Friday 24 July 2009

More orchids

It's been a month since I last wrote. In that time the wagtails and swallows have fledged, and it would seem that Summer has been and gone. As I look at the hedges this week the sloes and hazel nuts are filling out and it feels like we are rocketing towards Autumn.


We still have most of our hay to cut, the only good thing to be said for that is that the orchids are beginning to ripen their seed and Pete may not have to weave between the marker canes when he mows the fields. The helleborine on the left is at the bottom of a hazel hedge so is safe, in theory. This year wasps are paying great attention to the plant so I looked up to see what were the usual pollinators. Yep, wasps! Helleborines are not uncommon around here yet I have never seen wasps on them before. Although I didn't notice at the time, the photo, of which this is a detail, also shows a shield bug on a flower.

My latest find here in the flower line is tufted vetch.
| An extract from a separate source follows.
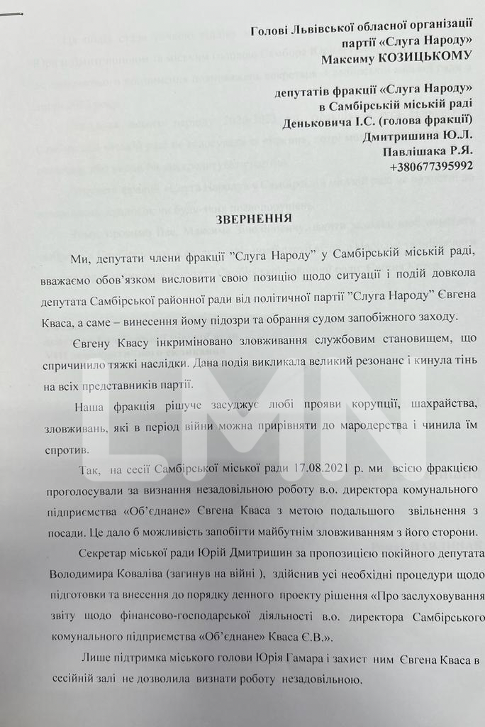 Депутати Самбірської міськради від партії «Слуга Народу» звернулися до очільника обласного осередку та начальника Львівської ОВА Максима Козицького з проханням ініціювати відкликання депутата Самбірської районної ради від «СН» Євгена Кваса. Йому, нагадаємо, як керівнику комунального підприємства «Об’єднане» нещодавно оголосили про підозру у зловживанні службовим становищем, яке спричинило тяжкі наслідки.

Our top field has a large patch in the field and several clumps in the hedges. As the clumps are well established I can't work out how I've missed them in previous years. Ragged Robin and Devils Bit Scabious have also popped up in some previously unrecorded spots. Also, harping back to my rant about old flora and diversity there are several plants of white flowered Spear Thistle.
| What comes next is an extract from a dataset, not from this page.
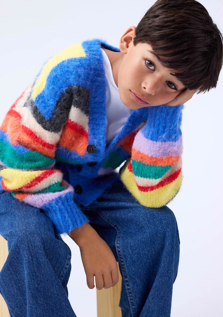 Wrap your little one in the ultimate cool-factor with our Brutus Cardigan! This fuzzy striped wonder features an eye-catching assortment of colors that'll make playground fashion statements. Super soft, totally unisex, and designed for kids who march to their own beat. Perfect for layering and guaranteed to spark "where'd you get that?" conversations!

Re thistles: One field belonging to our neighbour is covered in creeping thistle. A couple of weeks ago I could see a large patch on one side of the field looked odd, so went to investigate. Closer inspection found a seething mass of Painted Lady caterpillars on the march. They had totally stripped the foliage from the thistles and the stems and surrounding grass were black with them. Sadly, since then we've had nothing but rain so I suspect my dreams of myriads of newly painted ladies won't come true. It is amazing, despite all this horrible weather, the minute the sun shines butterflies are on the wing, though where they find dry flowers to drink from I don't know. What is interesting, because this field is so thistled one can see the extent of a plant by the colour variations in the flowers. One huge patch appears to only be two plants.

I have been keeping tabs on a long eared bat that has been roosting in the granary. 2 days ago I found its mummified body on the floor below its roost. Comparitively, its ears must be bigger than those of an elephant. Obviously, it could have died for any number of reasons but its death has coincided with days of torrential storms and I can't help thinking that's probably the reason. There is also a wasps' nest in the granary and it has grown steadily and been kept so even. I never fail to marvel at their engineering, but equally I wonder why they build where we are in conflict with them.
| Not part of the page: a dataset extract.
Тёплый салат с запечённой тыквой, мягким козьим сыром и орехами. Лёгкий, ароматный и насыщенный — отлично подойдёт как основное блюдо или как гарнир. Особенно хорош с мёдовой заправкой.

The kitchen garden has finally begun to repay earlier efforts and I have started to sell my first veg, though I am rapidly beginning to wonder just how we will ever really make it profitable when we live surrounded by so much wildlife. My latest tribulations are something eating unripe tomatoes in the polytunnel - mice I think - and yesterday I found bunches of green blueberries lying beneath the plants - blackbirds? I believe that gardening keeps you humble because nature always gets the upper hand but here it does drive one to bad language!